Jahn was “totally normal” until he returned from Washington state in the past five years, his parents said. He took classes intermittently at a community college in Texas for years before driving across the country to answer online ads for seasonal jobs harvesting marijuana on legal cannabis farms in Washington. The farm’s owner, Ryan Sanderson, previously told The Associated Press that Jahn was disoriented and had been sleeping in his car for several months.

After Jahn was unable to continue working and returned from Washington, his parents told the FBI that they believed Jahn was “allergic to plastic” and tried to avoid direct skin contact with plastic materials. The county in Washington State where he worked was one of the bases of the secret Manhattan Project to develop the atomic bomb. And they said they believed their son had been “exposed to radiation from nearby facilities and was suffering from radiation sickness” while in Washington.

Photos from the shooting scene show a car covered with a map depicting the US radioactive fallout.

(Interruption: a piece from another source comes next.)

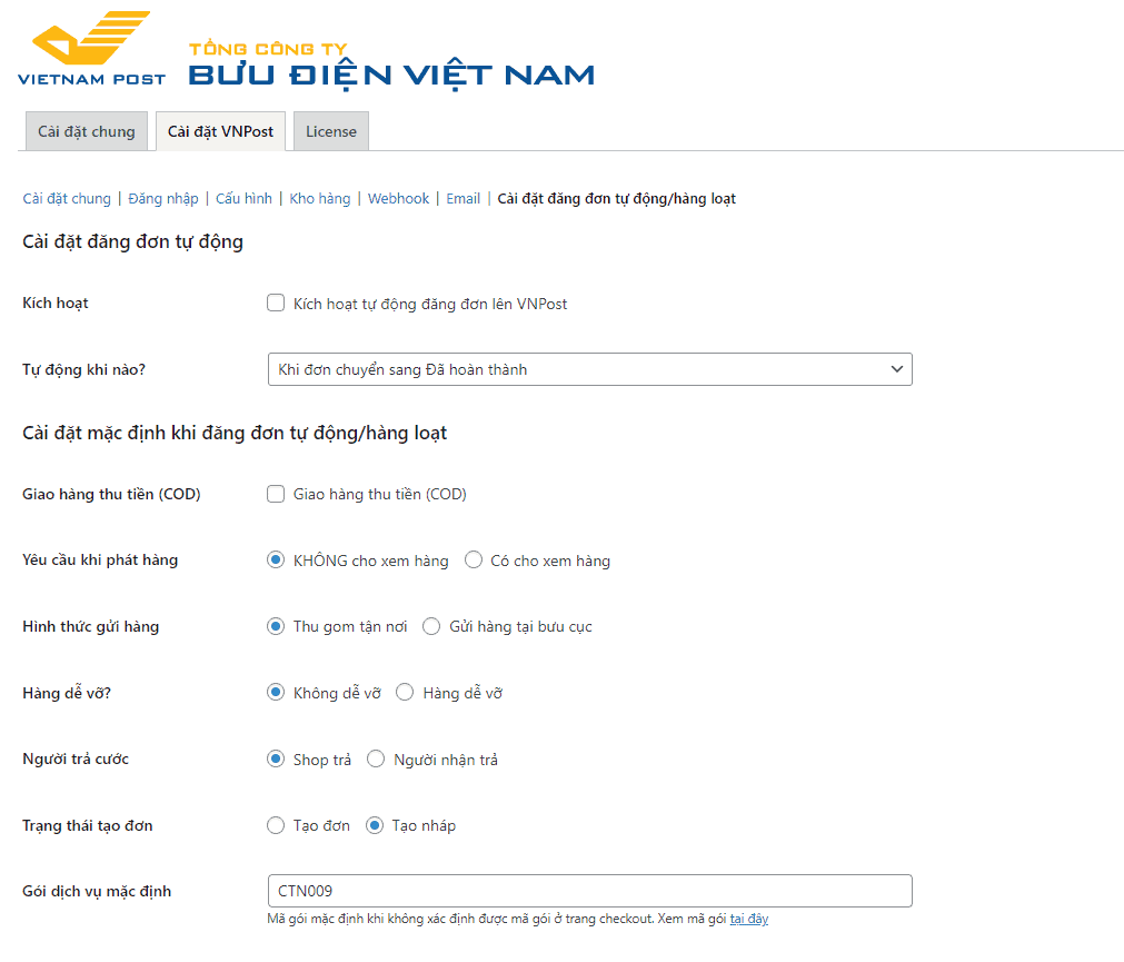 Trong hình là cấu hình mặc định các giá trị cho các đơn khi đăng tự động lên VNPost

Records show that his home life was far from harmonious. According to police records, Jahn’s father pressured his brother to get a job or join the military after high school, and his mother called police in 2014 when his brother failed to show up to meet with an Army recruiter to sign his enlistment papers.

One morning, Jahn’s mother called the police to report her younger sister, who had been staying over instead of going to high school. As a teenager, he once left home for weeks on end and spray-painted expletives on his parents’ driveway.

But the Yarns supported their youngest son, Joshua, financially as he remained in the upstairs bedroom playing computer games.

Shooting practice in Oklahoma

About a month before Jahn attacked the ICE facility, he and his father went to practice shooting at a site where a new home was being built in Durant, Oklahoma. Jahn’s father owned several guns and was surprised to see his son pull out an “old rifle” from the car. Jahn told her father that she had “recently” purchased a gun online, according to police records.

The mother told the FBI she had “no idea” that her son owned a gun, records said.

The FBI previously announced that Jahn legally obtained the bolt-action rifle used in the shooting. However, police records do not indicate whether that was the gun Jahn used during the target shooting.

Analysts at the Institute for Strategic Dialogue, which works as part of a program hosted by the Center for Internet Security and focuses on hate and extremism, said they found that Mr. Jahn was playing the game online under the username “Frank Hoeniker.” The username appears to be a misspelling of the ruthless, calculating character in Kurt Vonnegut’s 1963 satirical novel about politics, religion, and nuclear proliferation, Cat’s Cradle.

According to game distribution platform Steam, Jahn has logged over 11,000 hours in first-person shooter and survival games.

___

Brooke is a corps member for the Associated Press/Report for America Statehouse News Initiative. Report for America is a nonprofit national service program that places journalists in local newsrooms to report on undercovered issues.